We need a mayor that is from the 21st century! 

Marlene Pearson



This is a golden opportunity to create a better hospital, one where doctors, nurses and support staff love to work because they are respected and empowered to give their very best. That is the goal of democracy, but PeaceHealth uses the autocratic model, not the democratic model. 

Ever since PeaceHealth was sold and modern practices that are far from democratic took control of our hospital, things have gotten worse for those who work in the hospital for profit. PeaceHealth showed its wrong values from the beginning of RiverBend, built more like a high-scale hotel for the very rich than a modest hospital where good relationships and good health care are the priority. 

We need a locally owned hospital that is about community and our well-being, not profit and exploiting people. 

Carol Seaton



Regarding “Insurrection Election,” Sept. 14: For 187 minutes on Jan. 6, 2021, the then-president, Donald Trump, did nothing while four humans died at the site (more died later), our Capitol building was defiled and our elected officials and Capitol Police were seriously traumatized. His culpability, and that of his co-conspirators, who are getting real prison time, is being adjudicated now, and it is appearing that No. 45 was — and is — a major part of the problem, not the solution, to this whole debacle.

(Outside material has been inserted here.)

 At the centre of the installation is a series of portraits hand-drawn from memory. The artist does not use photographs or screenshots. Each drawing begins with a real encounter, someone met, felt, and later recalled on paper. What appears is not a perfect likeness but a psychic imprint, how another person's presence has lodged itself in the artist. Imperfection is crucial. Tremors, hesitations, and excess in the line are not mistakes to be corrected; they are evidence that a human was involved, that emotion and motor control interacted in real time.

We elect people to go to Salem or Washington, D.C., for one purpose: to make or amend laws. Laws that we all must heed. We have a ratified Constitution that lays out how our republic is to be run. If the 14th Amendment applies to Trump’s actions, or inactions, like the law experts say, then use it! 

Any American military commander who is AWOL in the heat of battle is not subsequently promoted. Instead, he faces court martial and even death. Trump was the commander in chief on Jan 6. He should face no less. If Trump or any of his cohorts are allowed to be on a ballot like nothing happened, then our society really is in trouble.

Annie Kayner



Native Eugenean here. I support mostly liberal leaning politics. I love Eugene. However, I am frustrated with the city of Eugene. Why would they prohibit e-bikes, scooters, etc on the North Bank Bike Path? Who decided this? Did we vote on this?

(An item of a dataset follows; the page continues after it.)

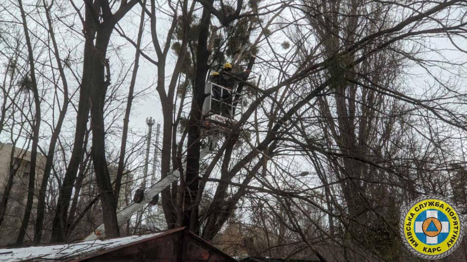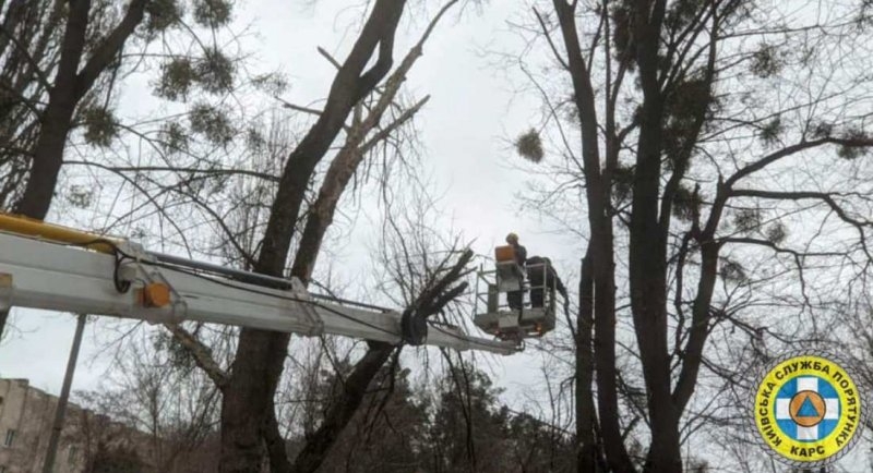 14 січня о 9:58 за допомогою автовежі прибрали аварійне дерево, що становило небезпеку для життя перехожих на вулиці Котельнікова, в Святошинському районі столиці.

This is ridiculous. Make a speed limit for everyone, and leave it at that.

Literally, I can apparently build a shelter on the banks of the river, steal cars and bikes and poop on sidewalks, but I cannot ride my e-bike on the bike path. This is a huge mistake by the city of Eugene. My family and I love our bikes. E-bike sales are growing faster than any other bike sales. E-bikes are good for the environment, good to get out-of-shape people out and about.

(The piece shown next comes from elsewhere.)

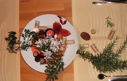 Eine weiße Schale, bepflanzt mit einem weißen Alpenveilchen, Erika, Thymian und Rosmarin. Blätter und Weinkorken.

E-bikes, illegal on North Bank Bike Path. Why? 

Angi Gass



Climate change increasingly headlines the news as extreme temperatures, cataclysmic floods and wildfire smoke touch everyone’s lives across the planet and in our own city and county. While government action at all levels is needed to reduce climate-changing greenhouse gas emissions, personal action is required too. Both the city of Eugene and Lane County have completed analyses demonstrating that transportation is responsible for the largest share of carbon emissions locally. Because much of our electricity is produced by fossil-fuel-free hydropower, switching out your gas- or diesel-burning vehicle for electric transportation offers a tremendous opportunity for you to personally make a difference.

Sept. 22 through Oct. 1 is National Drive Electric Week, and the Emerald Valley Electric Vehicle Association is hosting an event to explore options for electric transportation. Come to Amazon Community Center on Sunday, Sept. 24, from noon to 3 pm to compare electric vehicle models at an EV show, talk to EV owners, investigate the world of pre-owned EVs and discover tax credits and rebates. The event has a particular focus on the sharing part of the EV transition, including e-scooters, a new e-cargo-bike loan program and a chance to sign up for an electric carshare — a few among many options that can help you save money while switching to electric. Plus, we will display a 1965 Karmann Ghia — previously highlighted in Eugene Weekly — that has been converted to electric.

Don’t wait to make a difference. Use National Drive Electric Week to electrify your transportation!